[Data records]
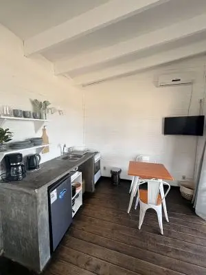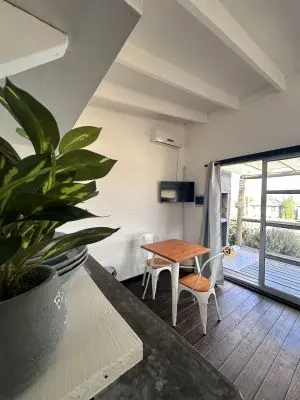 Disfrute de una estadía cómoda y tranquila en Nomade 2, una cabaña monoambiente ubicada a pocos metros del mar.
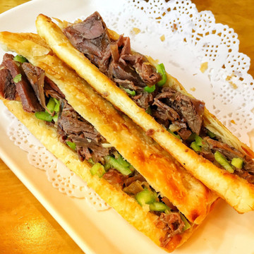 驢火分精品和普通的兩種,精品是純瘦肉帶筋,普通有肥瘦各半。現擀現烙的火燒火候很關鍵,第二晚的比第一晚的更鬆脆好吃。鹵好的驢肉片和青椒作伴,細膩肉質鬆脆火燒,再來一口驢肉湯,趁熱吃非常好。
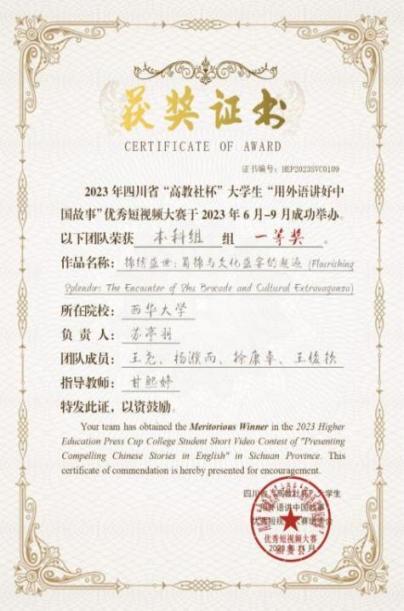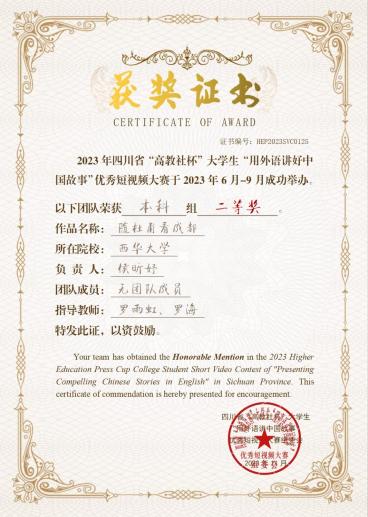 “高教社杯”大学生“用外语讲好中国故事”优秀短视频作品征集活动(大赛)分为校赛、省赛和全国总决赛三个阶段。外院学子凭借优秀的双语能力在此次大赛的校赛和省赛中脱颖而出。其中,2021级翻译专业杨谨菡,2021级数字与媒体艺术专业杨嘉译,2021级翻译专业徐磊制作的作品《flavour in chengdu(烟火成都)》,2021级英语专业苏亭羽,2022级英语专业王尧,2020级翻译专业杨濮而,2021级英语专业徐康卓,2021级英语专业王俊钦制作的作品《锦绣盛世:蜀锦与文化盛宴的邂逅(Flourishing Splendor: The Encounter of Shu Brocade and Cultural Extravaganza)》均获得四川赛区一等奖,分别由许媛鹓老师和甘熙婷老师指导。2020级翻译专业侯昕妤制作的作品《随杜甫看成都》获得四川赛区二等奖,由罗雨虹老师和罗海老师指导。
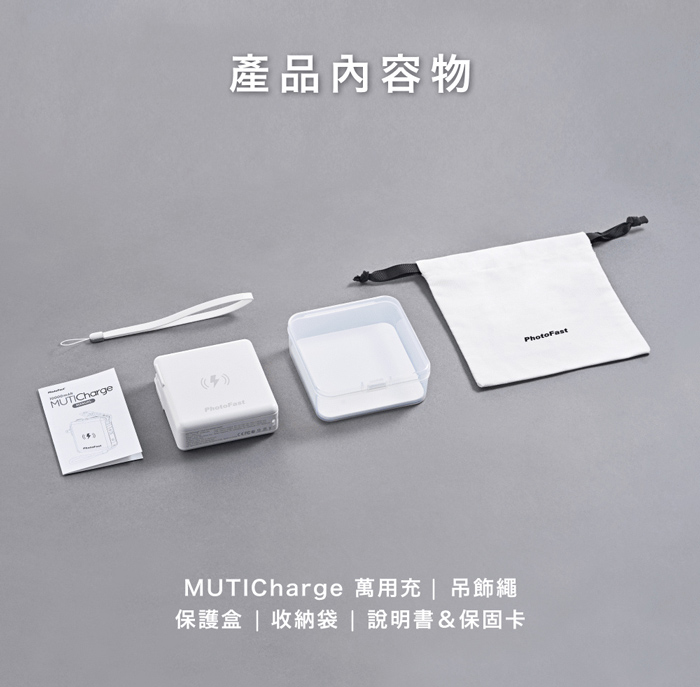 內容物:MUTICharge 萬用充|吊飾繩|保護盒|收納袋|說明書&保固卡
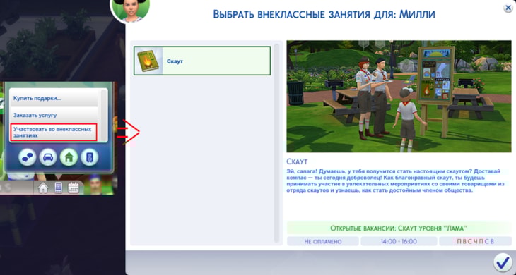 Пополнить ряды скаутов можно с помощью телефона или компьютера, выбрав пункт “Участвовать во внеклассных занятиях”.
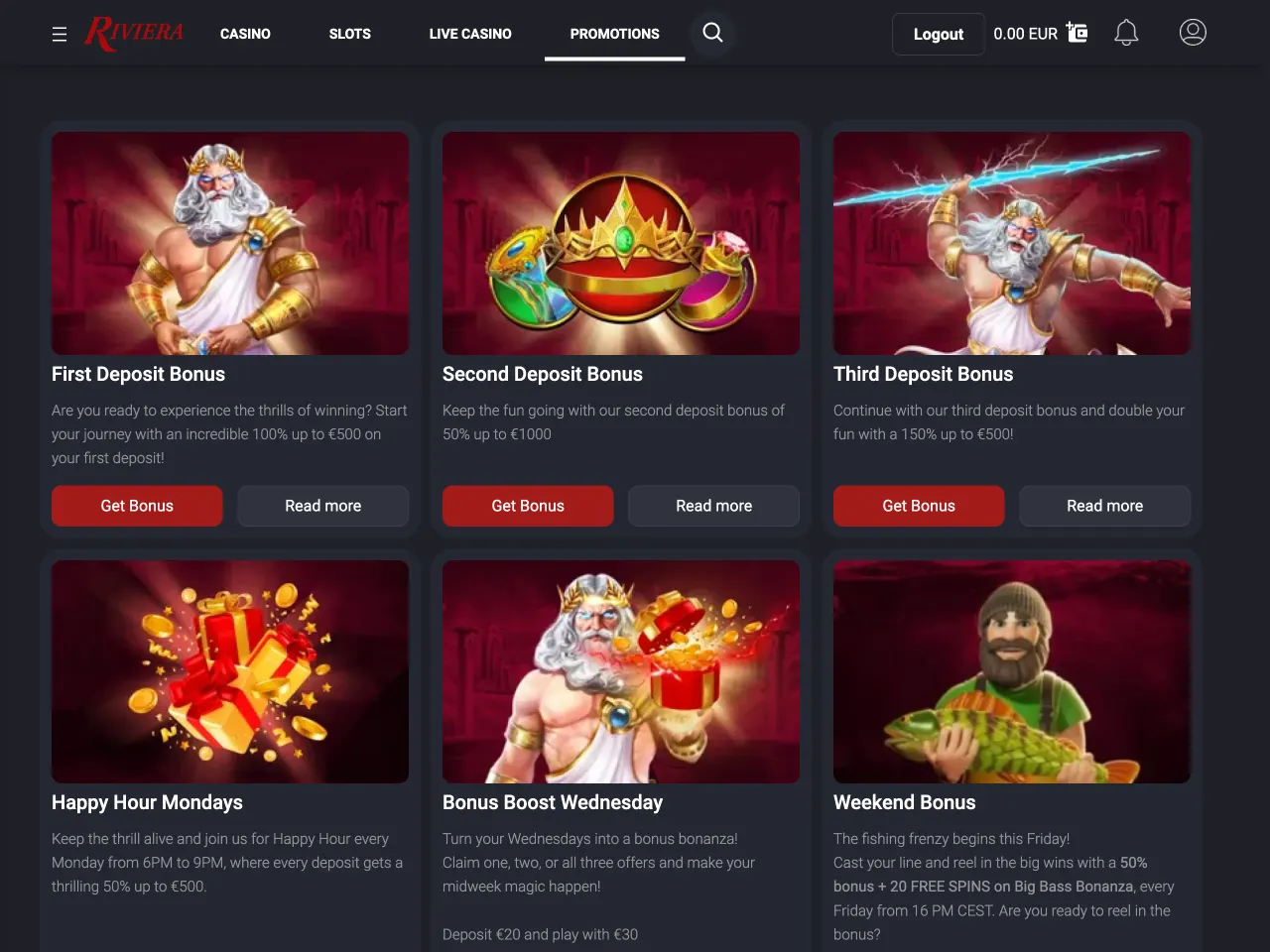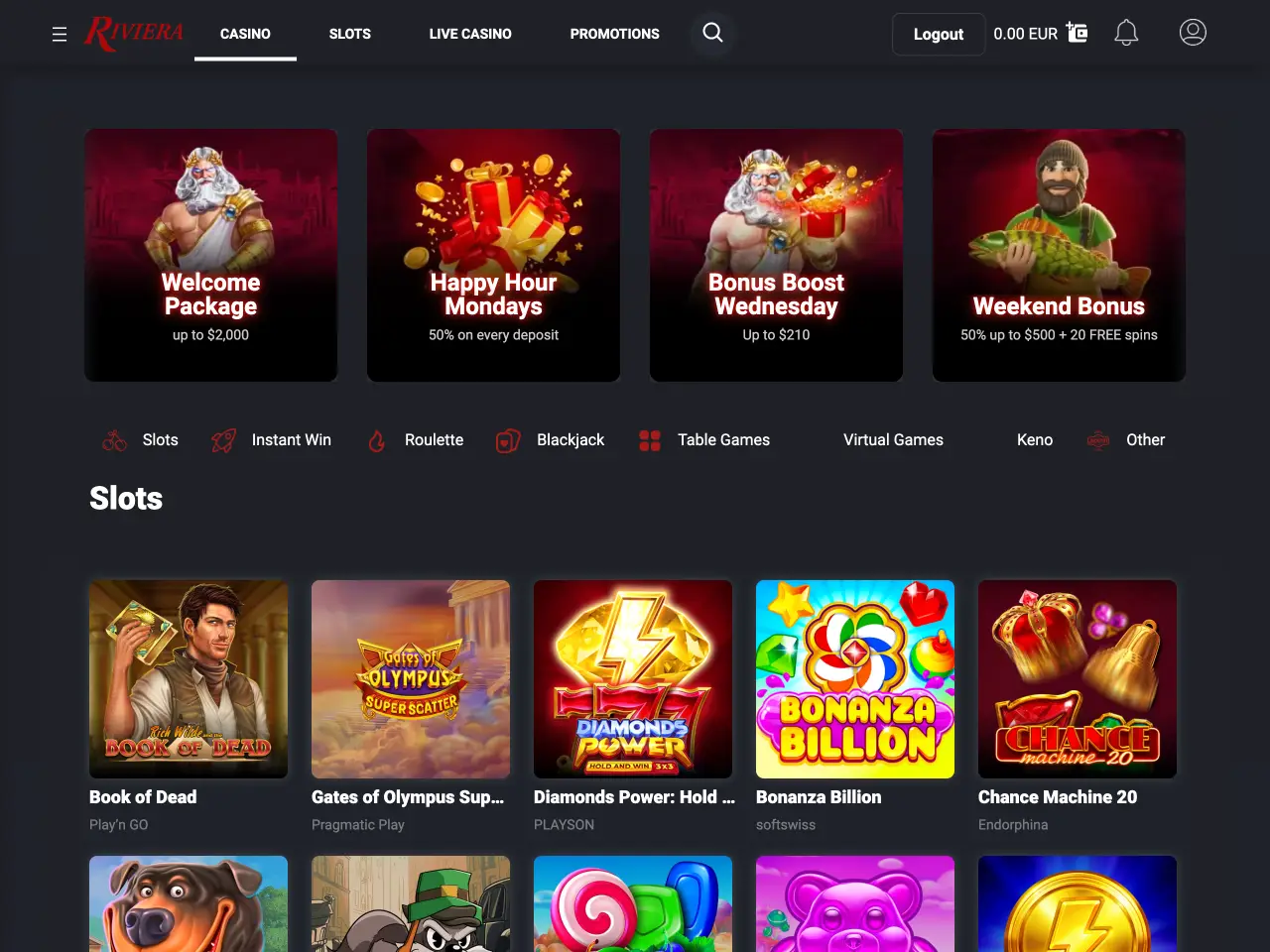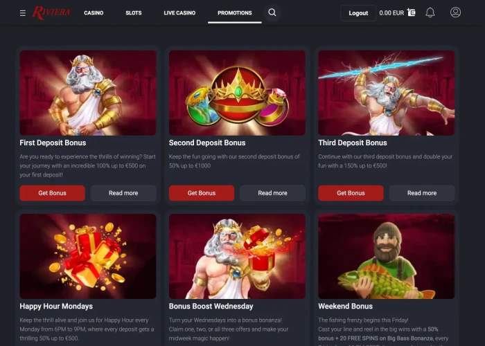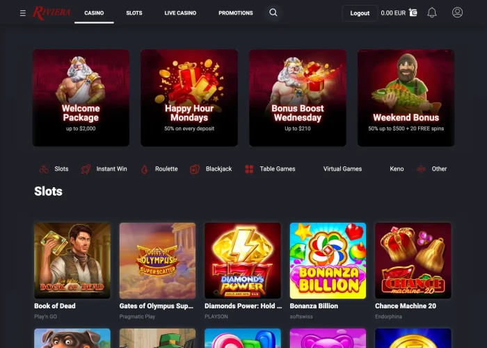 Riviera Casino greets new players with a three-part welcome package worth up to $2,000 in bonus funds. Beyond that, the promotions calendar is steady but not overwhelming, offering several recurring opportunities to boost gameplay. Weekly deals include a 50% reload during Happy Hour Mondays, tiered Bonus Boosts every Wednesday, and a Weekend Bonus on Fridays that combines a 50% match with free spins on Big Bass Bonanza. The absence of cashback or rotating daily offers may disappoint bonus chasers, but the consistent lineup ensures regular players always have something rewarding to claim.
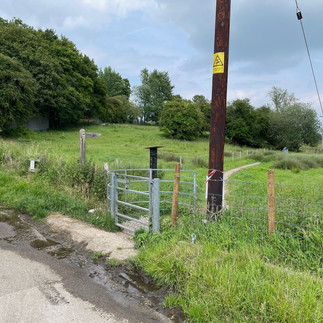 Turn left on London Road and walk along the pavement. Cross the road when you reach the former chapel opposite and take the path to the left of it. The path leads into fields, go through the gate into the next field. Keep ahead passing a house on the left and into another field.

= What to produce =
Write out the entries again word for word. Do not include the pictures.

= Answer area =
 Disfrute de una estadía cómoda y tranquila en Nomade 2, una cabaña monoambiente ubicada a pocos metros del mar.
 驢火分精品和普通的兩種,精品是純瘦肉帶筋,普通有肥瘦各半。現擀現烙的火燒火候很關鍵,第二晚的比第一晚的更鬆脆好吃。鹵好的驢肉片和青椒作伴,細膩肉質鬆脆火燒,再來一口驢肉湯,趁熱吃非常好。
 “高教社杯”大学生“用外语讲好中国故事”优秀短视频作品征集活动(大赛)分为校赛、省赛和全国总决赛三个阶段。外院学子凭借优秀的双语能力在此次大赛的校赛和省赛中脱颖而出。其中,2021级翻译专业杨谨菡,2021级数字与媒体艺术专业杨嘉译,2021级翻译专业徐磊制作的作品《flavour in chengdu(烟火成都)》,2021级英语专业苏亭羽,2022级英语专业王尧,2020级翻译专业杨濮而,2021级英语专业徐康卓,2021级英语专业王俊钦制作的作品《锦绣盛世:蜀锦与文化盛宴的邂逅(Flourishing Splendor: The Encounter of Shu Brocade and Cultural Extravaganza)》均获得四川赛区一等奖,分别由许媛鹓老师和甘熙婷老师指导。2020级翻译专业侯昕妤制作的作品《随杜甫看成都》获得四川赛区二等奖,由罗雨虹老师和罗海老师指导。
 內容物:MUTICharge 萬用充|吊飾繩|保護盒|收納袋|說明書&保固卡
 Пополнить ряды скаутов можно с помощью телефона или компьютера, выбрав пункт “Участвовать во внеклассных занятиях”.
 Riviera Casino greets new players with a three-part welcome package worth up to $2,000 in bonus funds. Beyond that, the promotions calendar is steady but not overwhelming, offering several recurring opportunities to boost gameplay. Weekly deals include a 50% reload during Happy Hour Mondays, tiered Bonus Boosts every Wednesday, and a Weekend Bonus on Fridays that combines a 50% match with free spins on Big Bass Bonanza. The absence of cashback or rotating daily offers may disappoint bonus chasers, but the consistent lineup ensures regular players always have something rewarding to claim.
 Turn left on London Road and walk along the pavement. Cross the road when you reach the former chapel opposite and take the path to the left of it. The path leads into fields, go through the gate into the next field. Keep ahead passing a house on the left and into another field.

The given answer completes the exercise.